Afterwards, when the land was stripped bare, settlers like my Pa began buying parcels after parcels of land from the Bagobos, and planted them with crops. This is ironic because the Bagobos, whose ancestral land covers much of the Mt. Apo areas that stretch from what is known today as Davao city's Toril district down to the boundaries of North Cotabato, never used to believe in that foreign concept called land ownership.
“They’d sell the land, then, move deeper into the forest,” says my Pa, who thought that the sale of the land was as real as the buy and sell of goods in the market. He bought one parcel from Ayok, Bagobo. He bought another parcel from another Bagobo named Bansalan, and so on.
Again, I was too stunned to say a word, as I try to grasp the complexity of what happened: the betrayal, even the sell-out, of some members of the tribe of their own ancestral beliefs just to extract a measly sum from the equally unsuspecting (albeit ignorant) settlers.
For according to the Bagobo’s worldview, the land is not for sale.
For a Bagobo wise man, it actually sounds stupid and hilarious for a man to claim ownership of a piece of land.
“How could you claim to own the land?” I remember an old Matigsalug Datu named Salumay, explain to me the worldview shared by most indigenous tribes in Mindanao.
"Long after you die, the land remains," said Datu Salumay, “So, how can you be in a position to own something that outlasts you for over a hundred years?”
He used to live in Davao’s Marilog district before he passed away a few years back. Now, I wonder if there are still enough Bagobos who still think like Datu Salumay.

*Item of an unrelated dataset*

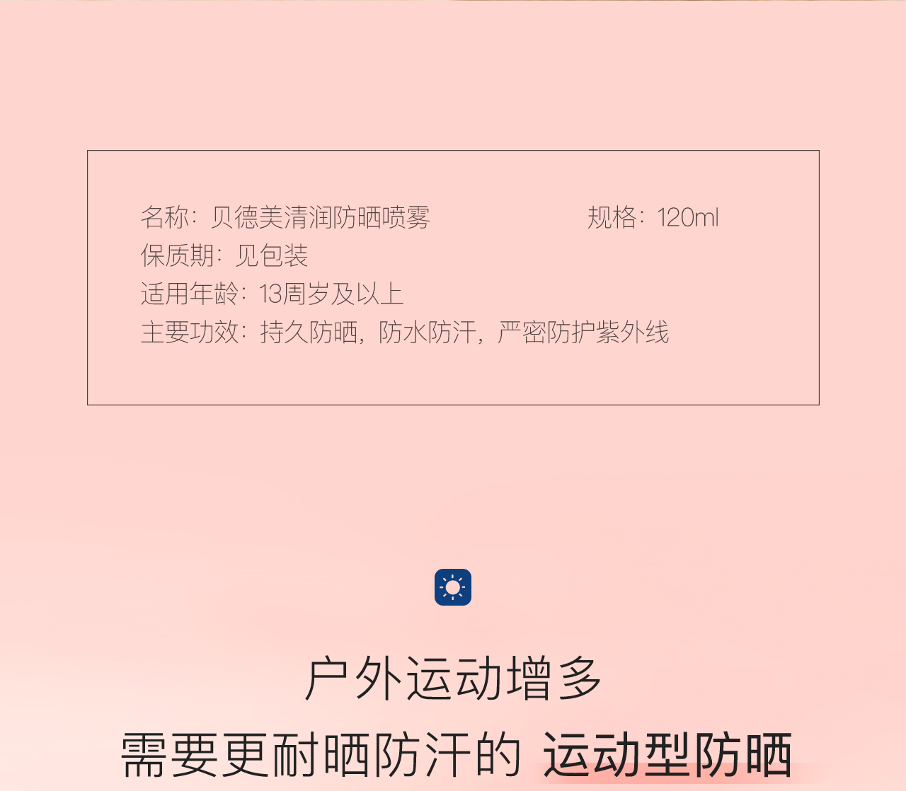 【贝德美】防晒喷雾防晒霜防紫外线清爽不油腻中学生青少年防水

For the coming in of settlers from the Visayas and Luzon had saturated the population of the Moros and the indigenous peoples of Mindanao and had brought about the dying of a totally different culture. Later, wholesale destruction of dipterocarp forests after the World War 2, coincided with the huge demand for lumber exports to Japan and other markets. At the time, the Parity Rights agreement between my country and the United States, had accorded equal rights to Americans and Filipinos in the exploitation of the Philippine forests and other natural resources.
Pa, who arrived in Upper B'la about a decade after the signing of the Parity Rights, gives me a vivid picture of how it was to live in the time of the logging.
“There were no chainsaws, then,” he says, as if to stress a point. “People used axe and the curtador.”
He leads me out of our house in B’la to show me what the curtador (cutter) looks like. As I stand there, trying to reconstruct the devastating event, I can feel my hair bristle, as I watch him draw out the instrument, bequeathed to him by the former cutters, that had once ravaged whole forests.
All that I wanted that morning was a pleasant conversation with my Pa. But I ended up hearing about the wholesale destruction of the land teeming with Guihos, Apitongs, Narras, Dao, Tugas, and other trees, the likes of which, I may not see anymore.